Task brief: Below are some entries. Repeat exactly the lines from the one with "Dad: Son, you" through the one with "<vector>#include <cstdarg>#include <stdexcept>", and only those.

Records supplied:
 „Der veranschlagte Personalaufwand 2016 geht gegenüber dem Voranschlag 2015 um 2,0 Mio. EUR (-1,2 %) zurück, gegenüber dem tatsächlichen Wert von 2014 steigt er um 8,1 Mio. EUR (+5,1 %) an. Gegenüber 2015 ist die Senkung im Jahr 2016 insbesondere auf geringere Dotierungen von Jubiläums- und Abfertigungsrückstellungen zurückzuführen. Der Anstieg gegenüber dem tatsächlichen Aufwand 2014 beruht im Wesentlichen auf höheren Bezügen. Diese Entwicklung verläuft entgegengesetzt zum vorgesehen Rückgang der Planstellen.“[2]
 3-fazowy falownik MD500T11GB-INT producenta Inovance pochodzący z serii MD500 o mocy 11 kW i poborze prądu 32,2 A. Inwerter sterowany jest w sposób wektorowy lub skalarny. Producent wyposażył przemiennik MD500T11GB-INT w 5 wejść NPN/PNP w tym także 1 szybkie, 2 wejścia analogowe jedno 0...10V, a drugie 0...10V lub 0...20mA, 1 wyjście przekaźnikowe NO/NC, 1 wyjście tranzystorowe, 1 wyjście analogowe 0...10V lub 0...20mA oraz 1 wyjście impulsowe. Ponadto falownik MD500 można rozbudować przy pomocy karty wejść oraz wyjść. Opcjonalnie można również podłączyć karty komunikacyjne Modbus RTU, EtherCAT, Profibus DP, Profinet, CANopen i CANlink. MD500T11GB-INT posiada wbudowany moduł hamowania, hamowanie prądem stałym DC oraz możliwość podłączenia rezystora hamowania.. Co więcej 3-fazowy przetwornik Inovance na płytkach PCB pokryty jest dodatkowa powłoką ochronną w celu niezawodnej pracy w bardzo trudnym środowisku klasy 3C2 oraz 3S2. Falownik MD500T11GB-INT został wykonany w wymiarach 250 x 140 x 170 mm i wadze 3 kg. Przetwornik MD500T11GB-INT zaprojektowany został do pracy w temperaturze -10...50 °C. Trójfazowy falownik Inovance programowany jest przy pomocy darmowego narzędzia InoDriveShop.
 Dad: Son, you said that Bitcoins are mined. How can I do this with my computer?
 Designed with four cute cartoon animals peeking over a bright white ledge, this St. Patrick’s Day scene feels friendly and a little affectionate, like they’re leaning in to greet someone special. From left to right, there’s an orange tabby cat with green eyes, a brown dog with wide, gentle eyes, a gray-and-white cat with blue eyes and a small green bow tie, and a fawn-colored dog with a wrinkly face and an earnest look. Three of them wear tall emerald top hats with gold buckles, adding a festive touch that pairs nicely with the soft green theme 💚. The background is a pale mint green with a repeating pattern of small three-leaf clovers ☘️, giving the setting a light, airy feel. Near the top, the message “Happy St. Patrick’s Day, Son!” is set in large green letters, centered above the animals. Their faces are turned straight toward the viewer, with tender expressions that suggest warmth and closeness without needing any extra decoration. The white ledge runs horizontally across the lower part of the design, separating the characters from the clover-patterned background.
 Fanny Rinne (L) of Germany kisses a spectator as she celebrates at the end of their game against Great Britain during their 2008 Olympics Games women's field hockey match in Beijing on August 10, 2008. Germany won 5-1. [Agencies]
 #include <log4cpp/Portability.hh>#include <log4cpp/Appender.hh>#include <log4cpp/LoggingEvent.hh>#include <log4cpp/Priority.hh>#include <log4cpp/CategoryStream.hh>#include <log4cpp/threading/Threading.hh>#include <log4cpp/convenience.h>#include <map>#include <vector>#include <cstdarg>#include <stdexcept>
...
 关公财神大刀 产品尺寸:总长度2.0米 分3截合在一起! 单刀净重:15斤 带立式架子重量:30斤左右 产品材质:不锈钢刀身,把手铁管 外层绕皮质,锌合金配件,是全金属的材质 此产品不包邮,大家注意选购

Completed task:
 Dad: Son, you said that Bitcoins are mined. How can I do this with my computer?
 Designed with four cute cartoon animals peeking over a bright white ledge, this St. Patrick’s Day scene feels friendly and a little affectionate, like they’re leaning in to greet someone special. From left to right, there’s an orange tabby cat with green eyes, a brown dog with wide, gentle eyes, a gray-and-white cat with blue eyes and a small green bow tie, and a fawn-colored dog with a wrinkly face and an earnest look. Three of them wear tall emerald top hats with gold buckles, adding a festive touch that pairs nicely with the soft green theme 💚. The background is a pale mint green with a repeating pattern of small three-leaf clovers ☘️, giving the setting a light, airy feel. Near the top, the message “Happy St. Patrick’s Day, Son!” is set in large green letters, centered above the animals. Their faces are turned straight toward the viewer, with tender expressions that suggest warmth and closeness without needing any extra decoration. The white ledge runs horizontally across the lower part of the design, separating the characters from the clover-patterned background.
 Fanny Rinne (L) of Germany kisses a spectator as she celebrates at the end of their game against Great Britain during their 2008 Olympics Games women's field hockey match in Beijing on August 10, 2008. Germany won 5-1. [Agencies]
 #include <log4cpp/Portability.hh>#include <log4cpp/Appender.hh>#include <log4cpp/LoggingEvent.hh>#include <log4cpp/Priority.hh>#include <log4cpp/CategoryStream.hh>#include <log4cpp/threading/Threading.hh>#include <log4cpp/convenience.h>#include <map>#include <vector>#include <cstdarg>#include <stdexcept>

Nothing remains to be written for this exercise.